_AVAILABLE DATA_.

▶

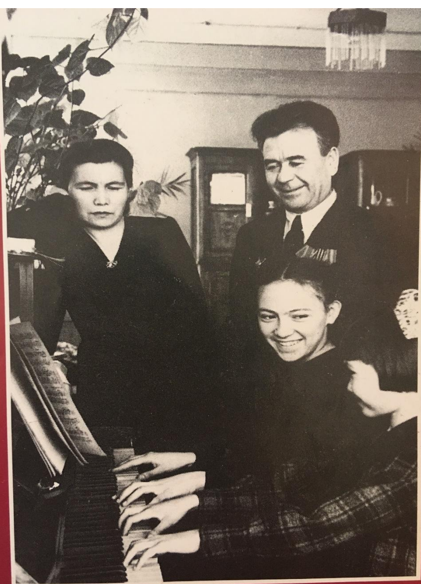
В кругу семьи.
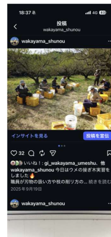
就農支援センターInstagram
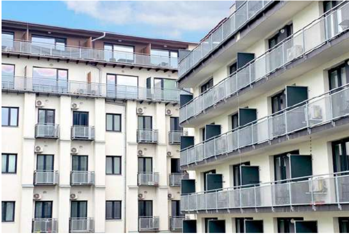
Brno, EFI Palace

Očekávaná hodnota celého areálu po dokončení třetí etapy přesáhne 1,2 mld. Kč. Projekt je koncipován s využitím rozumné finanční páky (kombinace bankovního financování a kapitálu fondu), což vytváří nadprůměrný potenciál pro zhodnocení prostředků investorů. Nemovitost je rozdělena na jednotlivé jednotky, což poskytuje fondu flexibilní exitovou strategii – od postupného rozprodeje bytů a jednotek individuálním investorům až po prodej celého komplexu institucionálnímu investorovi.
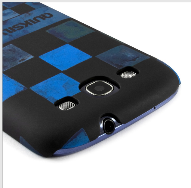
Coque Quiksilver 'Échecs en Bleu' - €23,95
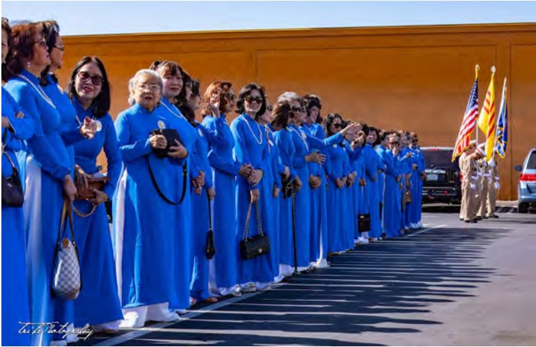
Các chị PNLV và TTNDH đang chuẩn bị đóng Quân Quốc Kỳ.
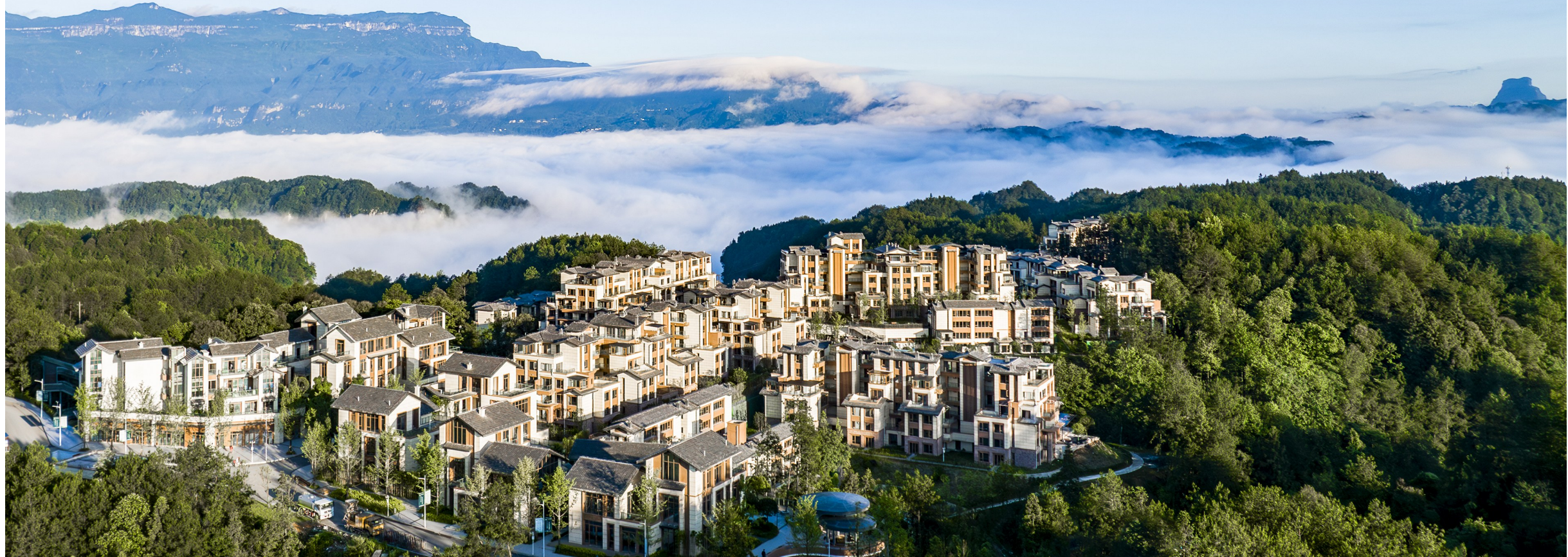
“金佛东麓”康养地产。
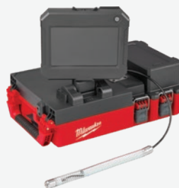
M12 PACKOUT 75呎排水管攝影機
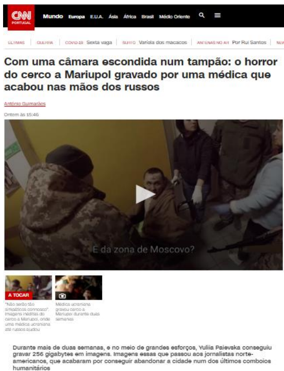
Figura 4. Peça publicada no site da CNN Portugal
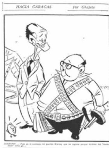
Figura No. 15. Hacia Caracas
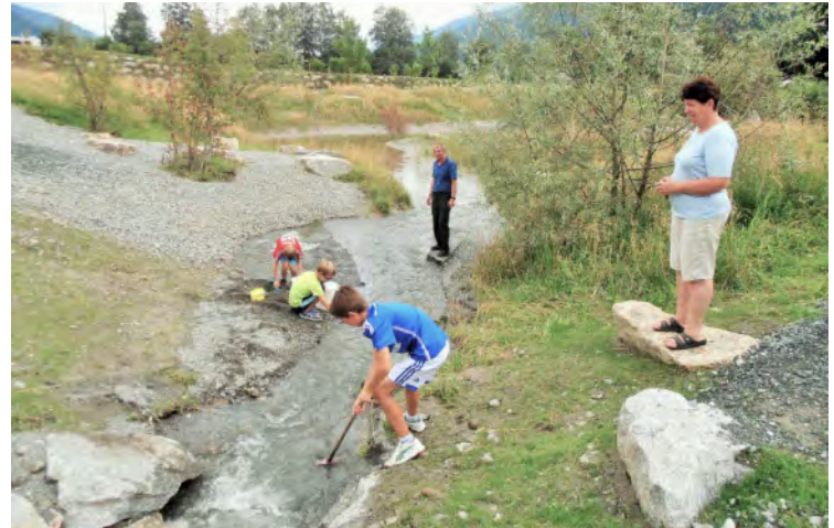
Das Areal lädt zu Spiel und Spaß ein.

Auch der Bevölkerung soll es ein Erholungsgebiet sein. Kinder haben die Möglichkeit, sich beim Sandspielen, Stau-mauerbauen oder dergleichen auszutoben. Zudem wurde der Burkbach seitlich mit einem Rohr ausgeleitet, um ein kleines fließendes Gewässer zu erhalten. Walter Pfeiffer, Obmann der Wildbachgenossenschaft Burkbach, sagt: „Ein großer Dank gebührt dem Land Salzburg / Gewässerabteilung, im besonderen Herrn
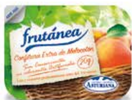
ASTURIANA CONFITURA EXTRA DE MELOCOTÓN C/96 x 20 gr. Ref.: 1844
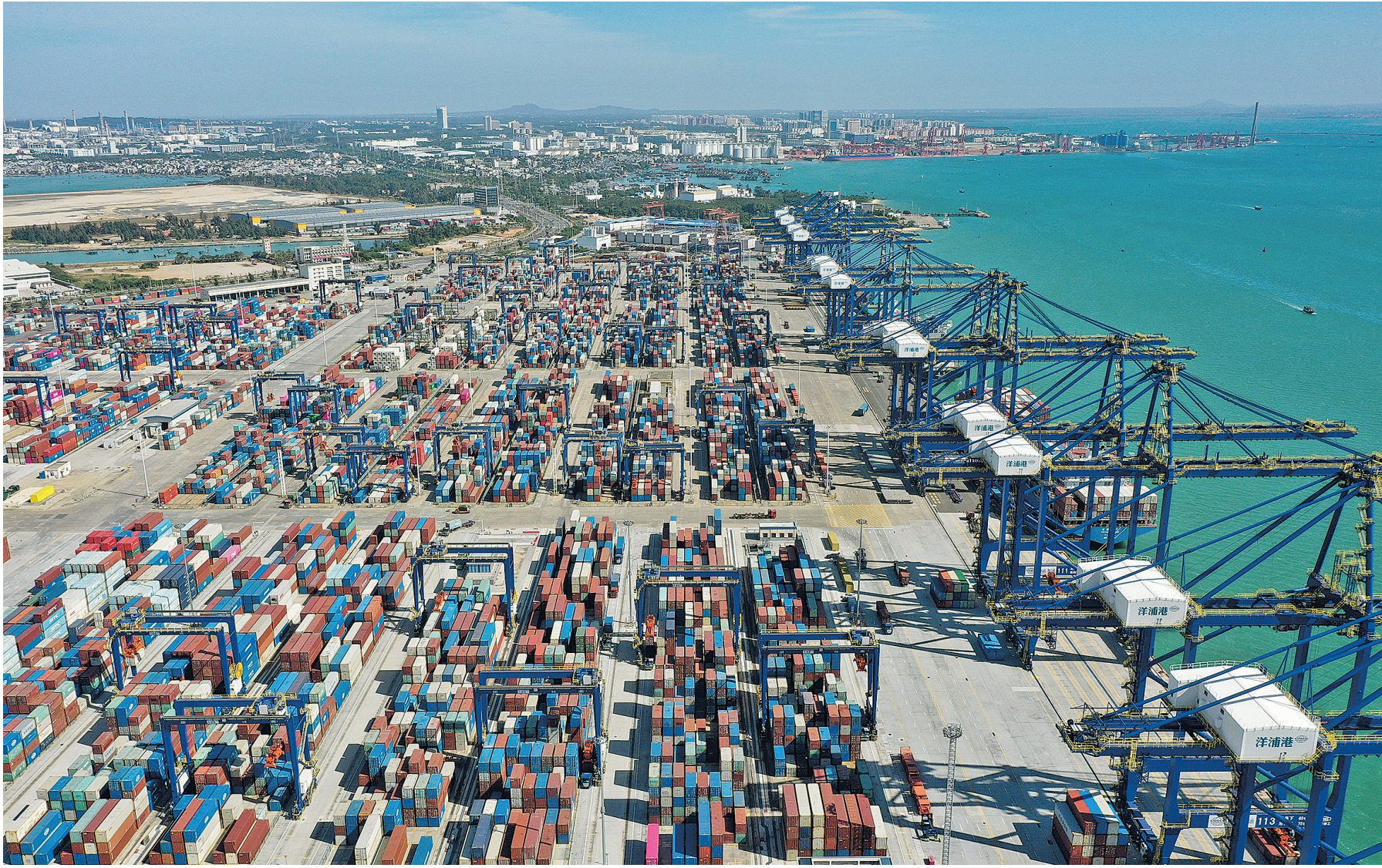
2025 年 11 月 28 日拍摄的海南洋浦港。该港是海南自贸港 10 个“二线口岸”之一(无人机照片)。

岁暮天寒,暖意东来。 中央经济工作会议日前在北京闭幕,世界再次聚焦中国经济巨轮的前行方向。海外人士认为,此次会议不仅着眼“十五五”开局为中国经济把脉定向,也为世界经济提供稳定预期、创新动能和机遇清单。在充满不确定的世界,国际社会瞩目中国继续担当全球经济增长的重要引擎,为世界注入强大确定性。
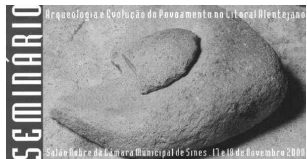
Fig. 8 - Seminário “Arqueologia e Evolução da Ocupação Humana no Litoral Alentejo” (folheto).
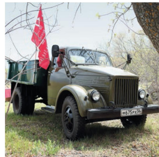
День Победы: выставка одного экспоната

В прошлом году мы рассказывали, какие работы были выполнены. После этого филиал взял монумент под свою постоянную опеку и вернул ему изначальное предназначение – быть местом поминовения погибших и местом для встречи тех, кто хранит эту память.
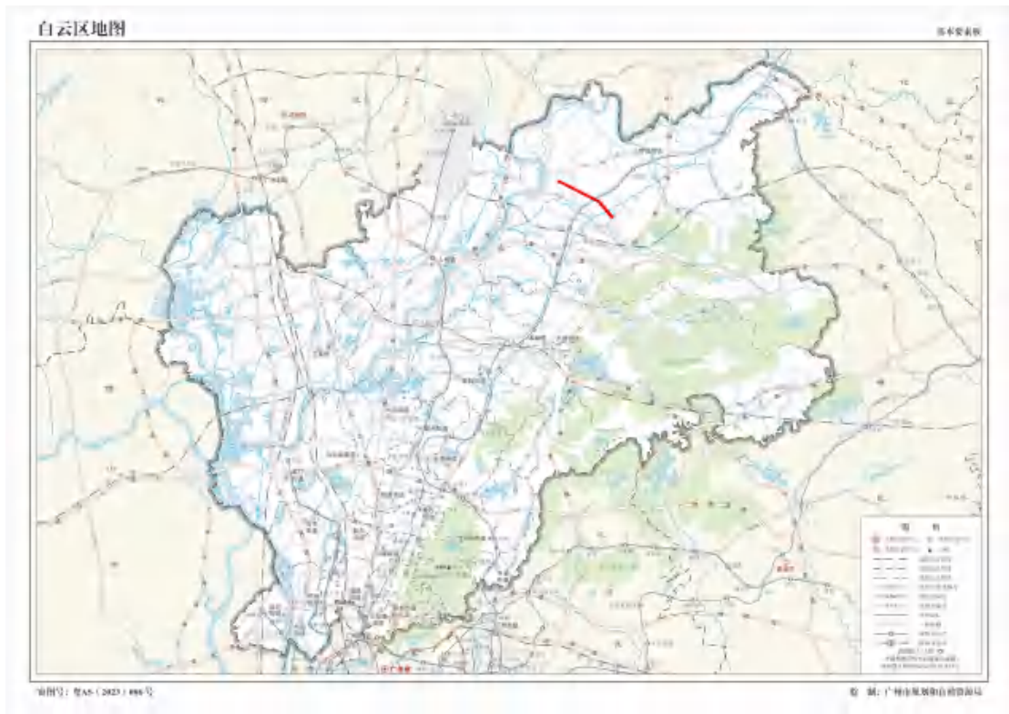
图 2 地块在南沙区的位置示意图（标准地图）
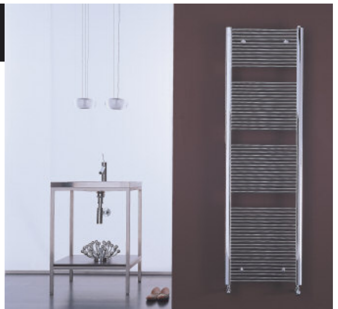
Calorifer Filo Cromat (cod. 50)

Datorită liniei noi și atrăgătoare, caloriferului FILO, versiunea cromată , devine protagonist în orice tip de decor (și ambient).
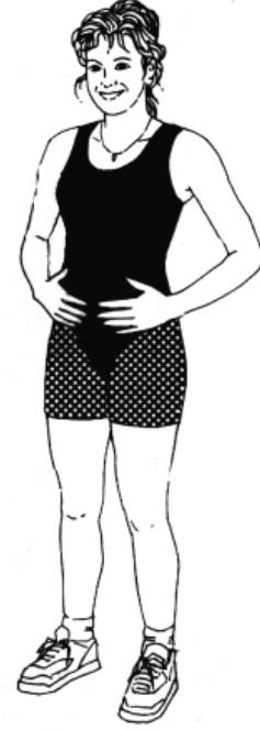
படம்: 'அ': நிறறல்

நியூ செளத் வெய்ல்ஸ் கிளையுடன் தொடர்பு கொள்வதன் மூலம் உங்களுக்கு அருகாமையிலுள்ள மகளிர் நல இயன் மருத்துவர் பற்றி நீங்கள் அறிந்து கொள்ளலாம். இது குறித்து தொலைபேசி மூலம் பேசுவதில் உங்களுக்கு உதவி தேவைப்படின 131450 என்ற எண் மூலம் மொழிபெயர்ப்பு மற்றும் உரைபெயர்ப்பு சேவையை நீங்கள் அழைக்கலாம் அல்லது மருத்துவமனையில் உடல்நலக் கவனிப்புக்கு உதவும் உரைபெயர்ப்பாளர் தேவை என்று கேட்கலாம்.
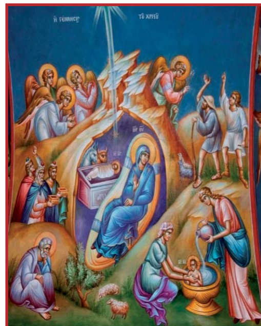
Η Γέννησις του Χριστού (Χείρ παπα Σταμάτη Σκλήρη)

ορισμένες περιοχές, όπως σε αυτές τις Λοκρίδας, το "τσικνίζουν". Μετά το τέλος της Θείας Λειτουργίας, τα ξημερώματα των Χριστουγέννων, ανάβουν τις φωτιές και πριν ακόμα βγει ο ήλιος, έχουν ήδη στήσει το Χριστουγεννιάτικο τραπέζι, με χοιρινά και μεζέδες.
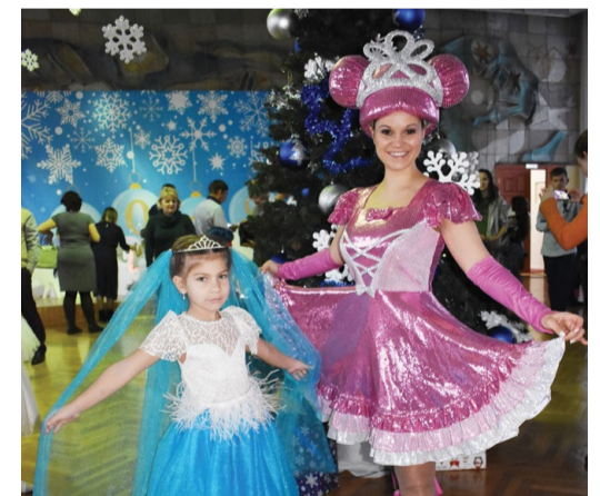
Фея ПАО «ТМ»

Детей развлекали сказочные герои, которые приготовили для них не только спектакль, но и творческие мастер-классы по различным техникам рисования. Кроме того, на утреннике подвели итоги детского
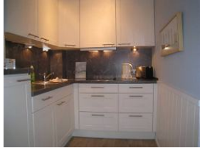
... mit allem Drum und Dran.
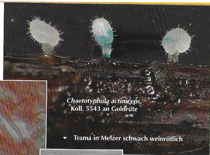
Chaetothyphula actiniceps , Koll. 5543 an Goldrute

später, am 09.10.2017 tauchte das Pilzchen erneut auf, diesmal an Goldrute ( Solidago ). Der Pilz hat das Aussehen eines Fadenkeulchens ( Typhula ), nur dass seine komplette Oberfläche mit langen, dickwandigen Ha-
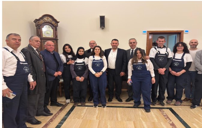
L'équipe de bénévoles OffreJoie — cheville ouvrière de l'ensemble du projet · Beyrouth, mars 2026
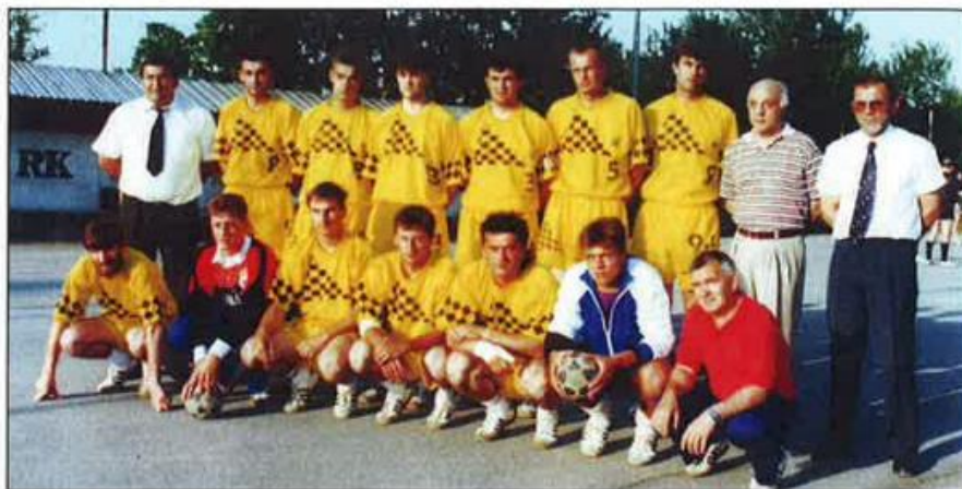
Slika 7. RK „Našice“ , seniori koji su osvojili 3. hrvatsku rukometnu ligu u sezoni 1994./95.

◀

Return the data verbatim, leaving out the pictures it holds.

_EXERCISE RESPONSE_.
В кругу семьи.
就農支援センターInstagram
Brno, EFI Palace

Očekávaná hodnota celého areálu po dokončení třetí etapy přesáhne 1,2 mld. Kč. Projekt je koncipován s využitím rozumné finanční páky (kombinace bankovního financování a kapitálu fondu), což vytváří nadprůměrný potenciál pro zhodnocení prostředků investorů. Nemovitost je rozdělena na jednotlivé jednotky, což poskytuje fondu flexibilní exitovou strategii – od postupného rozprodeje bytů a jednotek individuálním investorům až po prodej celého komplexu institucionálnímu investorovi.
Coque Quiksilver 'Échecs en Bleu' - €23,95
Các chị PNLV và TTNDH đang chuẩn bị đóng Quân Quốc Kỳ.
“金佛东麓”康养地产。
M12 PACKOUT 75呎排水管攝影機
Figura 4. Peça publicada no site da CNN Portugal
Figura No. 15. Hacia Caracas
Das Areal lädt zu Spiel und Spaß ein.

Auch der Bevölkerung soll es ein Erholungsgebiet sein. Kinder haben die Möglichkeit, sich beim Sandspielen, Stau-mauerbauen oder dergleichen auszutoben. Zudem wurde der Burkbach seitlich mit einem Rohr ausgeleitet, um ein kleines fließendes Gewässer zu erhalten. Walter Pfeiffer, Obmann der Wildbachgenossenschaft Burkbach, sagt: „Ein großer Dank gebührt dem Land Salzburg / Gewässerabteilung, im besonderen Herrn
ASTURIANA CONFITURA EXTRA DE MELOCOTÓN C/96 x 20 gr. Ref.: 1844
2025 年 11 月 28 日拍摄的海南洋浦港。该港是海南自贸港 10 个“二线口岸”之一(无人机照片)。

岁暮天寒,暖意东来。 中央经济工作会议日前在北京闭幕,世界再次聚焦中国经济巨轮的前行方向。海外人士认为,此次会议不仅着眼“十五五”开局为中国经济把脉定向,也为世界经济提供稳定预期、创新动能和机遇清单。在充满不确定的世界,国际社会瞩目中国继续担当全球经济增长的重要引擎,为世界注入强大确定性。
Fig. 8 - Seminário “Arqueologia e Evolução da Ocupação Humana no Litoral Alentejo” (folheto).
День Победы: выставка одного экспоната

В прошлом году мы рассказывали, какие работы были выполнены. После этого филиал взял монумент под свою постоянную опеку и вернул ему изначальное предназначение – быть местом поминовения погибших и местом для встречи тех, кто хранит эту память.
图 2 地块在南沙区的位置示意图（标准地图）
Calorifer Filo Cromat (cod. 50)

Datorită liniei noi și atrăgătoare, caloriferului FILO, versiunea cromată , devine protagonist în orice tip de decor (și ambient).
படம்: 'அ': நிறறல்

நியூ செளத் வெய்ல்ஸ் கிளையுடன் தொடர்பு கொள்வதன் மூலம் உங்களுக்கு அருகாமையிலுள்ள மகளிர் நல இயன் மருத்துவர் பற்றி நீங்கள் அறிந்து கொள்ளலாம். இது குறித்து தொலைபேசி மூலம் பேசுவதில் உங்களுக்கு உதவி தேவைப்படின 131450 என்ற எண் மூலம் மொழிபெயர்ப்பு மற்றும் உரைபெயர்ப்பு சேவையை நீங்கள் அழைக்கலாம் அல்லது மருத்துவமனையில் உடல்நலக் கவனிப்புக்கு உதவும் உரைபெயர்ப்பாளர் தேவை என்று கேட்கலாம்.
Η Γέννησις του Χριστού (Χείρ παπα Σταμάτη Σκλήρη)

ορισμένες περιοχές, όπως σε αυτές τις Λοκρίδας, το "τσικνίζουν". Μετά το τέλος της Θείας Λειτουργίας, τα ξημερώματα των Χριστουγέννων, ανάβουν τις φωτιές και πριν ακόμα βγει ο ήλιος, έχουν ήδη στήσει το Χριστουγεννιάτικο τραπέζι, με χοιρινά και μεζέδες.
Фея ПАО «ТМ»

Детей развлекали сказочные герои, которые приготовили для них не только спектакль, но и творческие мастер-классы по различным техникам рисования. Кроме того, на утреннике подвели итоги детского
... mit allem Drum und Dran.
Chaetothyphula actiniceps , Koll. 5543 an Goldrute

später, am 09.10.2017 tauchte das Pilzchen erneut auf, diesmal an Goldrute ( Solidago ). Der Pilz hat das Aussehen eines Fadenkeulchens ( Typhula ), nur dass seine komplette Oberfläche mit langen, dickwandigen Ha-
L'équipe de bénévoles OffreJoie — cheville ouvrière de l'ensemble du projet · Beyrouth, mars 2026
Slika 7. RK „Našice“ , seniori koji su osvojili 3. hrvatsku rukometnu ligu u sezoni 1994./95.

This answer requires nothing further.